Betcha when you saw the above pic in thumbnail form, you thought "What's that nutter up to now?" However, it's not what you thought it was, it's only a sausage and there's an amusing true story behind it.
So I'm in my local ICELAND (trying to avoid PETER ANDRE over in FARMFOODS - traitor) and see an empty checkout. I ask the bored-looking assistant if she's serving - "Yes," she says - so I hand over my bag of 40 (count 'em - 40) sausages for only £2, and, as she's about to scan the barcode, a trio of women appear from nowhere (like Mr. BENN's shopkeeper) and form a queue behind me.

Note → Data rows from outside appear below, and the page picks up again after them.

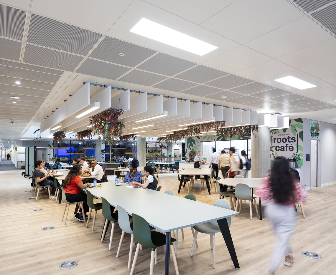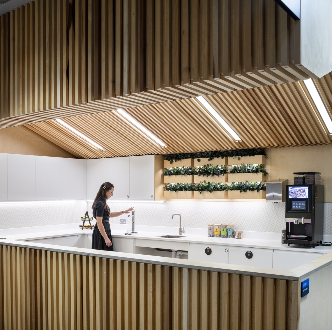 Wellbeing is a central theme to this space, with a full suite of dedicated rooms including a fitness studio, prayer space, wellbeing room, and mothers’ room. A large canteen and kitchen provide a social heart, while well-placed Teapoints allow quick breaks without adding distraction to the workspace, with a warm wood feature ceiling and clean white tiles and worktop giving it a comfortable and homely feel. The positioning of these two spaces makes refreshment easily accessible at a central location, whilst keeping noise away from focus areas.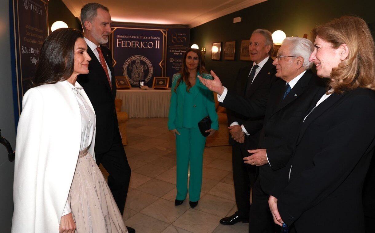 Не виждам проблем и със сакото на Летисия, поне така наметнато.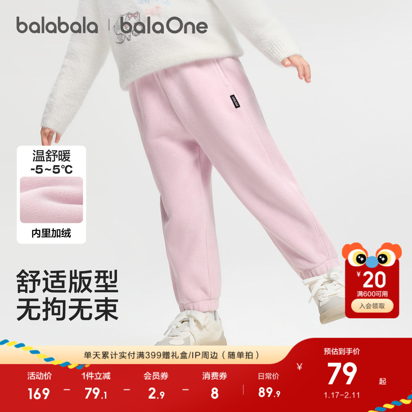 巴拉巴拉童装儿童加绒裤子男童2025秋冬新款女童防静电摇粒绒长裤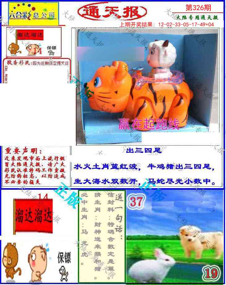 | 325期:内幕①肖+三中三开:虎04准 内幕①肖:【虎】 三中三:【33-05-17】 |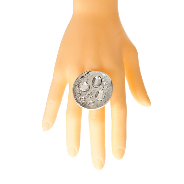 Silver Textured Metal Adjustable Ring Featuring Clear Crystal Rhinestone Detailing. Detail measures 1.5 inches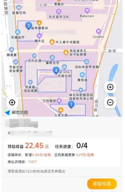 简单来说,这类平台玩法都差不多,照着任务指示做,钱就到手了。不同于拉人头的活儿,高德、百度这些大佬,是请咱们帮忙更新地图信息,比如店铺、道路、公共设施等等。因为地图天天在变,所以任务源源不断,根本不愁没活干。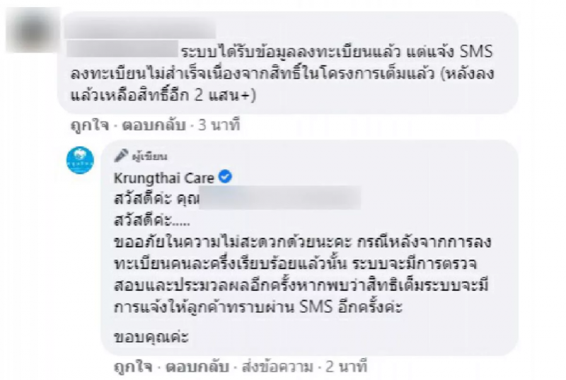 ล่าสุดมีชาวเน็ตท่านหนึ่งเข้าไปสอบถามกับทางเพจธนาคารกรุงไทย เกี่ยวกับปัญหาดังกล่าวในการลงทะเบียน "คนละครึ่ง" เนื่องจากเจ้าตัวก็ได้รับ sms บอกลงทะเบียนไม่สำเร็จ ทั้งๆที่ตอนลงนั้นเหลือสิทธิ์อีกกว่า 2 แสนสิทธิ์
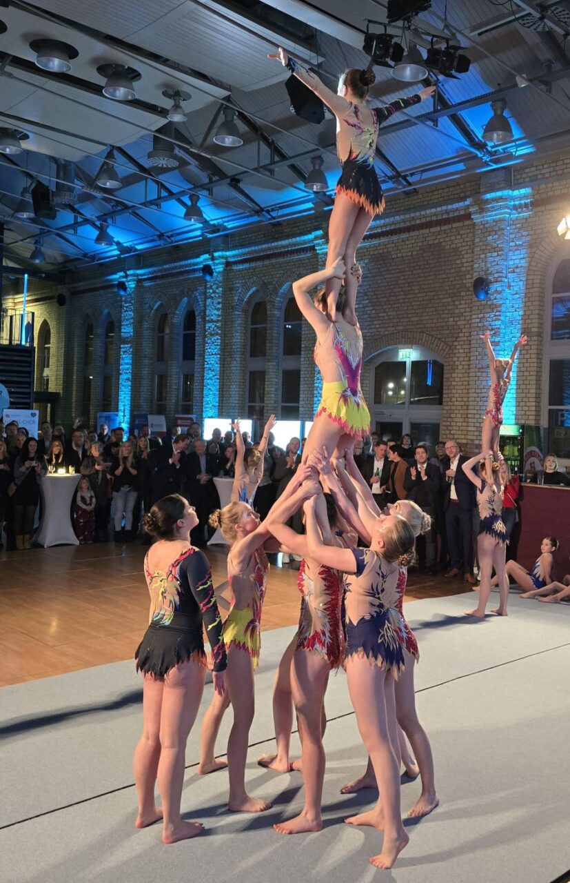Profitieren vom Einsatz der Wirtschaftsjunioren konnten auch die Sportakrobaten des FC Borussia Brandenburg, die zum Start des Empfangs mit einer tollen Show beigetragen hatten und sich später über die Jahresspende (500 Euro) der Wirtschaftsjunioren Brandenburg freuen konnten. Ein paar Spontanspenden gesellten sich im Laufe des Abends hinzu, sodass der Wunsch nach einer kostenintensiven Airtrack-Matte ein Großteil realistischer geworden ist.

"Where did they come from?" asks the assistant, jokingly. "They followed me" quips I. "I have that effect on women - it's the 'links' effect," I say, pointing at the bag of sausages on the counter. Cue uproarious laughter all 'round. Sometimes I amaze even myself with just how witty I am.
(LYNX effect - LINKS effect. Geddit? Nobody around here ever watch the TV ads? Sheesh!)
4 comments:
All right, I've got one for you:-
I was getting my change at the checkout at Tesco's when a supervisor came up and said to the cashier, "Somebody's spilt a packet of raisins next to your till. I'm going to send a cleaner to sweep them up." As I was walking away, I said to the cashier, "She's just keeping you informed of the CURRANT situation."
Did she laugh?
Did she 'eckaslike!
That supervisor was just 'raisin' a laugh, JP.
Well after the blank reception I received, I felt like in - sultana!
Isn't that the name of a Peter Andre song?